CHAPTER I. LAND AND PEOPLE
The Persians were the first Aryans to achieve a great world empire within historic times. With them the Aryan race became dominant in the Western world, and it has so continued to the present time. The Persians themselves maintained first place among the nations only for about two centuries, or from the time of Cyrus until the Asiatic conquests of Alexander the Great. And the sceptre which they laid down was taken up by Western nations akin to them in speech, and passed on from one to another people of the same great Indo-Germanic race throughout the two and a half millenniums which separate the time of Cyrus from our own. But it is not only because of their kinship with European nations that the Persians are of interest. Their history has intrinsic importance. Theirs was unquestionably the mightiest empire the world had seen since secure history began. It extended from India on the east, to the extreme confines of Asia on the west and the northwest, and beyond them to include Egypt. It even threatened at one time, through the subjugation of Greece, to invade Europe as well, and numberless writers have moralised on the great change of destiny that would have fallen to the lot of Western civilisation, had this threat been made effective. All such moralising of course is but guess-work, and it may be questioned whether most of it has any validity whatever. For the truth seems to be that the Persians were much more nearly akin to the European intellect than a study of their descendants of recent generations would lead one to suppose. It is everywhere conceded that they sprang from the same stock, and their most fundamental traits show many points of close resemblance. Thus it is matter of record that the Persians differed widely from the Hamitic or Semitic conquerors, both in their methods of warfare and in their treatment of conquered enemies. The Semites, in particular, were notoriously cruel and unimaginative in their treatment of fallen foes. The word “unimaginative” is here used advisedly, for it would seem as if nothing but curiously defective imagination could permit one human being to treat another in the atrocious manner which characterised the conquerors of the Semitic race—not merely the Babylonians and Assyrians, but the Hebrews as well, as the history of David only too amply illustrates.

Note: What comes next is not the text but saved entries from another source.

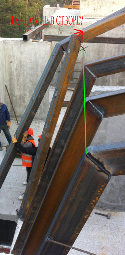 Но ведь при Вашем подходе наверху нет даже средств измерения и контроля, т.е. все на шару. Не говоря о выходе согнутого и разогретого металла балок за пределы текучести. При изготовлении как я предложил, легко контролируется при изготовлении размер гипотенузы, отвечающий за точность изделия и для того, чтобы оно при транспортировке и монтаже "не разлазилось", ставится временная затяжка, которая демонтируется после монтажа каркаса. Так вот нужно все это делать. А тот подход- от привычки все делать "на коленях".DrBianko писал(а):Да понял я все. Просто так, если в балке угол хоть на 1 градус отличается от проектного, на большом расстоянии уже проблема, и ничего не поделать.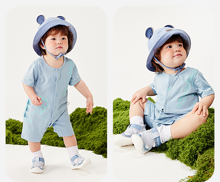 迷你巴拉恐龙连体衣外出爬服纯棉男女童宝宝不易变形萌趣夏季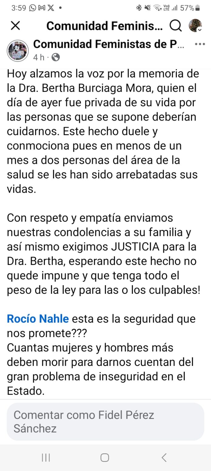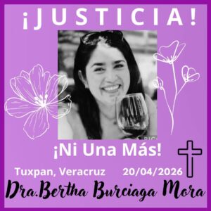 Desde su cuenta de Facebook, la llamada Comunidad Feminista de Poza Rica lanzó: «Hoy alzamos la voz por la memoria de la Dra. Bertha Burciaga Mora, quien el día de ayer fue privada de su vida por las personas que se supone deberían cuidarnos.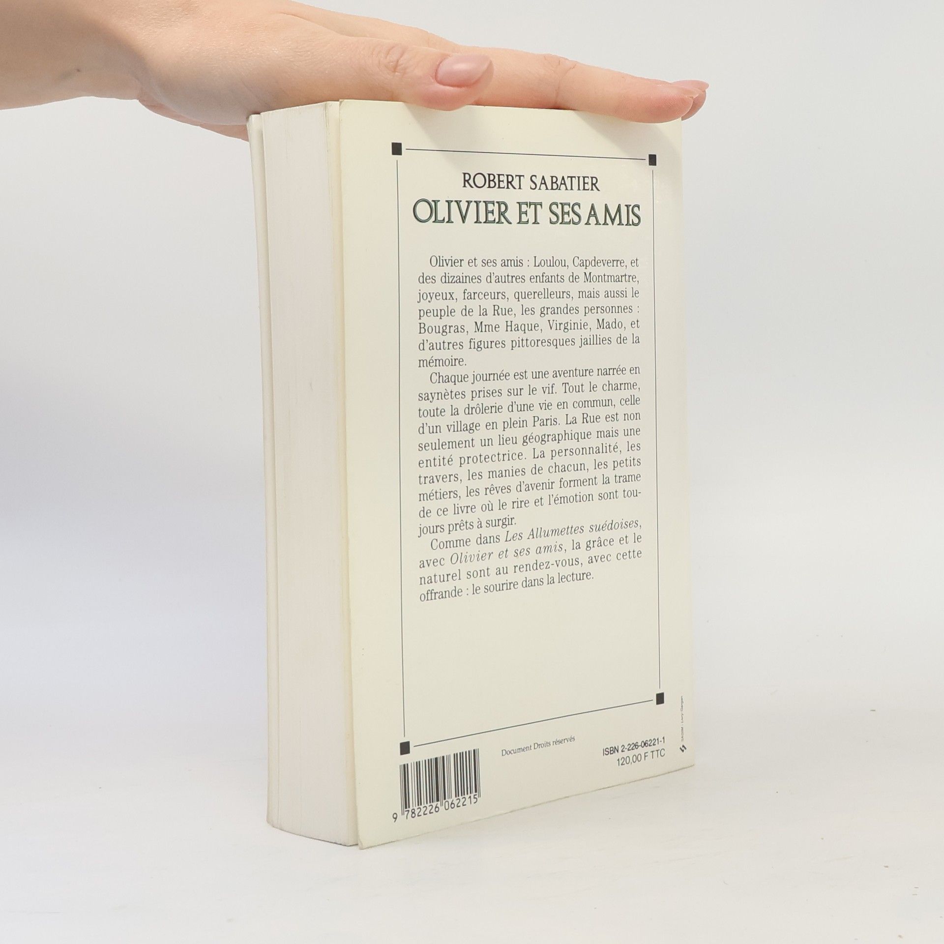 Olivier et ses amis : Loulou, Capdeverre, et des dizaines d'autres enfants de Montmartre, joyeux, farceurs, querelleurs, mais aussi le peuple de la Rue, les grandes personnes : Bougras, Mme Haque, Virginie, Mado, et d'autres figures pittoresques jaillies de la mémoire.Chaque journée est une aventure narrée en saynètes prises sur le vif. Tout le charme, toute la drôlerie d'une vie en commun, celle d'un village en plein Paris. La Rue est non seulement un lieu géographique mais une entité protectrice. La personnalité, les travers, les manies de chacun, les petits métiers, les rêves d'avenir forment la trame de ce livre où le rire et l'émotion sont toujours prêts à surgir.Comme dans Les Allumettes suédoises, avec Olivier et ses amis, la grâce et le naturel sont au rendez-vous, avec cette offrande : le sourire dans la lecture.

The paragraph in which David’s treatment of the people of the conquered city of Rabbah, as recorded, is a fair sample of the usual fortunes of war that fell to the lot of the victims of a Semitic nation.
“And he brought forth the people that were therein, and put them under saws, and under harrows of iron, and under axes of iron, and made them pass through the brick-kilns, and thus he did unto all the children of Ammon.”
But the Persians, on the other hand, be it recorded to their credit, did not as a rule resort to such atrocities. Such rules as this must indeed always be taken with certain qualifications, for there were, unfortunately, cases in which the Persian conqueror inflicted upon an enemy a vengeance almost comparable to the Semitic type. But this was rare, except in the case of rebels; and not usual even with these, and it must be remembered on the other hand, that the records of Western nations are not altogether free from similar charges of cruelty. On the whole, the conduct of such great Persian leaders as Cyrus the Great and Darius I, will perhaps compare favourably with that of any European conqueror.
Another very essential point in which the Persians of the early day bore a close resemblance to Europeans of the later generation, is in regard to their religion. It is admitted on all hands that in its original or uncorrupted form the religion of the Persians was of a very high type. It was embodied in a creed at a very early day, possibly not later than 1000 B.C., by the great prophet Zoroaster. Like the other great religions, it grew by accretion, and came to have linked with it a set of myths and fables that are difficult to ascribe to their particular periods of origin. We are not even sure within perhaps five hundred years of the exact time when Zoroaster lived, but this is of comparatively little consequence when one reflects that a great religion is always a slow growth, and that any particular religious teacher to whom it may be ascribed, after all, has done nothing more than focalise the national tendency, or form a centre about which the ideas and tendencies of an epoch may crystallise.